Prin1 is the principal component 1 . I need a correlation table for the original variables with the PCs

 

I cant do that using the component pattern profile plot as there are 9 variables and hence 9 PCs and it looooks really cluttered 

 

Further i could have gleaned more information from the component plots but i dont get the all plots for all the different combinations of PCS and  variables 

 

The only option left now is to get the correlations in a tabular format but i cant seem to run the code because of  the error for Prin1 when its clearly a PC as you can see from the eigenvectors table. 

 

Look forward to hearnig from you !! Kind Regards

 

 

 

 

axelpuri
Fluorite | Level 6
Btw i was able to get the table just now
What i dont understand is why didn't i have to enter my data as work.mydatasetname in the data= ... part ?
/* what are the correlations between PCs and orig vars? */
proc corr data=PCOUT noprob nosimple;
var MW LogP LogD Hdonors Hacceptors PSA ROT NATOM NRING;
with Prin1-Prin9;
run;

What does PCout mean ?
IanWakeling
Barite | Level 11

PRINCOMP leaves the input data set umodified, and adds the principal component scores to the OUT= data set.  So you should be using syntax something like this:

proc princomp data=myData  out=PCOUT  <other options>;
  var ...
run;

proc corr data=PCOUT <options>;
  var ...
  with ...
run;
PaigeMiller
Diamond | Level 26

@axelpuri wrote:
Btw i was able to get the table just now
What i dont understand is why didn't i have to enter my data as work.mydatasetname in the data= ... part ?
/* what are the correlations between PCs and orig vars? */
proc corr data=PCOUT noprob nosimple;
var MW LogP LogD Hdonors Hacceptors PSA ROT NATOM NRING;
with Prin1-Prin9;
run;

What does PCout mean ?

PCOUT is the name of a data set created by PROC PRINCOMP in the code above.

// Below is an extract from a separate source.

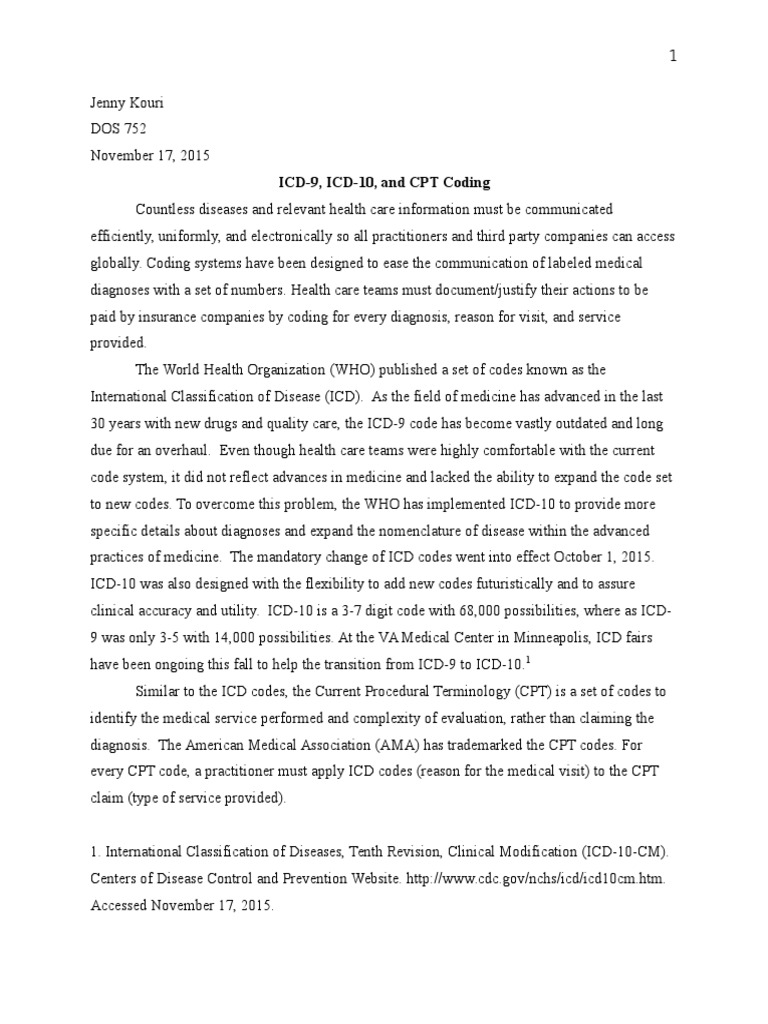 30 years with new drugs and quality care, the ICD-9 code has become vastly outdated and long

It contains both the original variables and the principal components (PRIN1-PRIN9) variables. 

 

So, if you are going to produce a correlation analysis between the original variables and the principal component variables, they must be in the same data set, which in this case is PCOUT. If you run PROC CORR on PCOUT, you can obtain the desired correlations.

--
Paige Miller
PaigeMiller
Diamond | Level 26

@axelpuri wrote:

Prin1 is the principal component 1 . I need a correlation table for the original variables with the PCs

 

I cant do that using the component pattern profile plot as there are 9 variables and hence 9 PCs and it looooks really cluttered 

 

Further i could have gleaned more information from the component plots but i dont get the all plots for all the different combinations of PCS and  variables 

 

The only option left now is to get the correlations in a tabular format but i cant seem to run the code because of  the error for Prin1 when its clearly a PC as you can see from the eigenvectors table. 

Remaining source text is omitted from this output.